One in four doctors working in the U.S. is from a foreign country, and they disproportionately serve rural hospitals and clinics. That’s because the popular J-1 visa that brings many of them here stipulates they must work in an “underserved” area for three years after their medical residency, before they are allowed to apply for permanent citizenship.
The program helps the doctors participating in it, but it has a far wider benefit for America’s rural communities, which have a difficult time finding doctors who want to relocate to small towns.
The countries named in Trump’s travel ban contribute significantly to America’s staff of physicians. There are about 13,500 doctors from those six countries who work in American hospitals, according to the physician recruiting company The Medicus Firm. Iran contributes the most, with 8,884 medical doctors.
In Oregon, 320 foreign doctors have been placed in hospitals and clinics, according to state data. Fifteen of those are from the countries named in Trump’s latest travel ban.
Fifteen doctors may not seem like a lot, but in Oregon losing even one doctor could threaten the health of some rural communities that are already struggling.
There are 104 rural service areas in the state – places farther than 10 miles from a population center with more than 40,000 people. Half of those areas have “unmet healthcare needs” – there aren’t enough doctors or hospitals to treat people. Some rural places are as far as an hour and 45 minutes away from the nearest hospital.
Others, such as Sherman, Gillam and Columbia counties, have no rural hospitals. Sherman and Gillam counties don’t even have rural physicians, according to 2015 data from the Oregon Office of Rural Health.
People are 23 percent more likely to die in rural areas than urban centers overall. In Reedsport, Brookings, Florence and Yachats, the mortality rate is twice what it is statewide.
Losing physicians could also mean hospitals and clinics could be forced to shutter.

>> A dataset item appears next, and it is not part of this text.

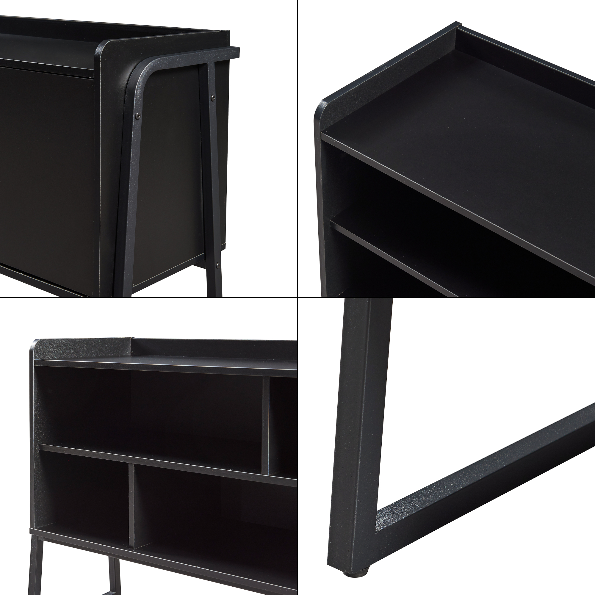 Comodă TV Storfjord 120x33,5x63 cm neagră, cu rafturi și dulap

“Without foreign doctors, a lot of these rural places would simply close down,” said Dr. Mahmoud Shoib, an internist from Raqqa, Syria who worked at PeaceHealth Southwest Medical Center in Vancouver before taking a job as a traveling physician in northern California this February. “There are simply not enough medical doctors graduated by U.S. schools to fill that gap and even with the international medical graduates, the gap is still there. If you’re someone who just got out of medical school, your first choice is probably not going to be going somewhere in rural Pennsylvania.”
Shoib would know – his first residency program was in Johnstown, Pennsylvania. It’s an isolated community of 20,000 people in Appalachia, one and a half hours from Pittsburgh and four hours from Philadelphia. The town is best known for a string of deadly floods and its population has declined in recent years.
“Most of our program was filled with international medical graduates. Probably one out of 30 was someone who was trained in the U.S. Almost everybody else was trained outside of the U.S. and that goes pretty much for most rural residency programs and hospitals,” he said.
Mahmoud explains the math behind that statement:
“Basically, there are 25,000 residency positions in the United States,” he said. “Medical schools in the U.S. graduate probably around 17,000 medical students each year, so that leaves a gap of about 8,000 medical residency spots that end up being filled by international medical graduates.”
Once international doctors are in America, they often get solicitations from rural hospitals even after they find a job.
Dr. Jaedi said she gets 15 to 20 emails a day from recruiters, trying to hire her away from her pediatric clinic to come work elsewhere.
“If they have a hard time recruiting a worker who was a J-1 worker who is obligated to be working in an underserved area, I don’t imagine it would be easy for them to get a [doctor with a] green card or a U.S. citizen. I think a lot of areas would be left without doctors,” she said. “People would probably have to travel hours to get service.”
Dr. Jaedi said at her Grants Pass clinic, she sees people who travel as far as two and a half hours from the Southern Oregon coast. Even in Medford, which is the closest urban area to Grants Pass, there are dozens of international doctors. Without them, the small city’s hospitals would be gutted.
“If all these doctors disappear and are made to leave the country, it will be a really big shortage in the underserved areas,” she said. “I don’t know how they’re going to work that out. They must have made that plan before they made the decision with the travel ban, right?”